Here is a realistic pipeline that builds several tables, attaches metadata, applies a style, and exports everything to a single indexed workbook:

```{r, eval=FALSE}
# 1. Build tables
freq_sex <- person_record |>
  generate_frequency(sex) |>
  add_table_title("Distribution by Sex") |>
  add_source_note("Source: person_record dataset")

crosstab_marital_sex <- person_record |>
  generate_crosstab(marital_status, sex) |>
  add_table_title("Marital Status by Sex") |>
  add_table_subtitle("Row percentages") |>
  add_footnote("Missing values are excluded from the denominator.")

difficulties_wide <- person_record |>
  generate_crosstab(
    sex,
    seeing, hearing, walking, remembering, self_caring, communicating,
    multiple_columns        = TRUE,
    multiple_columns_filter = 2L   # count "Some difficulty" responses
  ) |>
  add_table_title("Functional Difficulties by Sex (Some difficulty)")

# 2. Combine into a named list
workbook_tables <- list(
  "1. Sex"           = freq_sex,
  "2. Marital x Sex" = crosstab_marital_sex,
  "3. Difficulties"  = difficulties_wide
)

# 3. Export with a style and an index sheet
write_xlsx(
  workbook_tables,
  path               = "report.xlsx",
  facade             = get_tsg_facade("yolo"),
  include_table_list = TRUE
)
```

---

## Controlling where footnotes appear

### Left and right placement

`add_footnote()` accepts a `placement` argument (`"auto"`, `"left"`, or `"right"`) to align the footnote text. Use left alignment for source citations and right alignment for methodological notes — this mirrors APA and AAPOR conventions.

```{r}
person_record |>
  generate_frequency(sex) |>
  add_table_title("Sex distribution") |>
  add_footnote("Source: National Survey 2023.", placement = "left") |>
  add_footnote("Weighted estimates.", placement = "right")
```

### Linking a footnote to a column header (HTML / PDF)

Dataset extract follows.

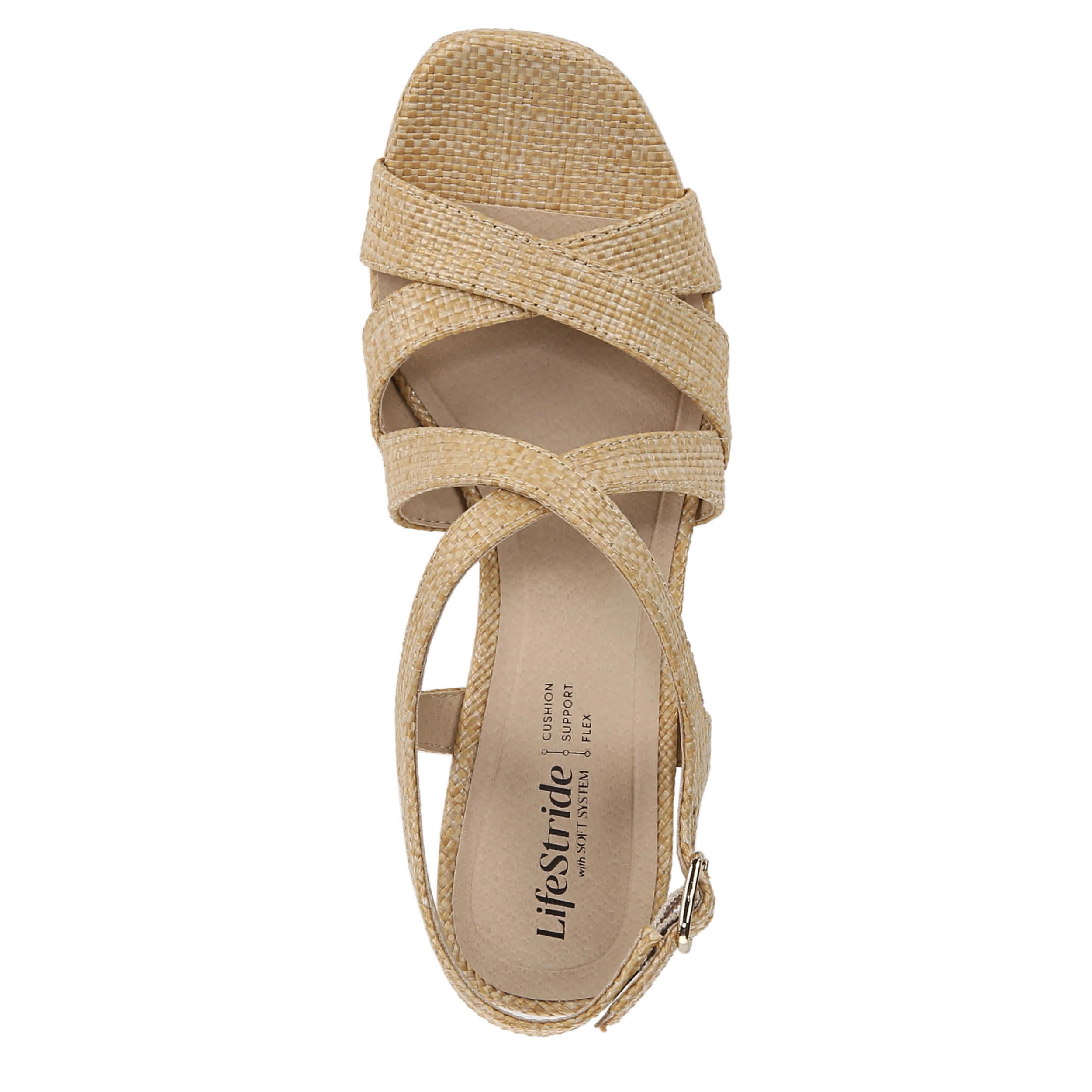Elevate your style with the LifeStride Adriana platform sandal. Made with a faux leather upper in a crisscross strap design, this shoe has a square open toe and chunky block heel to keep you on trend. The Soft System® foam footbed comforts your steps with exceptional cushioning and flexibility.

Pass column names via `locations` to place a footnote marker in the column header. This is supported in HTML and PDF output (via `gt`); Excel and Word output include the footnote text without cell-level markers.

```{r}
person_record |>
  generate_crosstab(marital_status, sex) |>
  add_footnote(
    "Counts exclude respondents with unknown marital status.",
    locations = c("frequency_1", "frequency_2")
  )
```

### Chaining multiple footnotes

Each `add_footnote()` call appends to the list. Different footnotes can have different placements and locations:

```{r}
person_record |>
  generate_frequency(sex) |>
  add_footnote("Source: National Survey 2023.") |>
  add_footnote("Weighted estimates.", placement = "right") |>
  add_footnote("Counts may not sum to total due to rounding.",
               locations = "frequency")
```

---

## Tips

- When building large workbooks, attach `add_table_title()` and `add_table_subtitle()` to each element **before** combining into the list — metadata is preserved per sheet.
- `group_as_hierarchy = TRUE` with `group_as_list = TRUE` is most useful for hierarchical administrative data (e.g., national → regional → district breakdowns).
- `multiple_columns = TRUE` is designed for survey modules where several indicator columns share the same response scale.
- `multiple_columns_type = "stacked"` is best for producing a complete cross-product comparison table.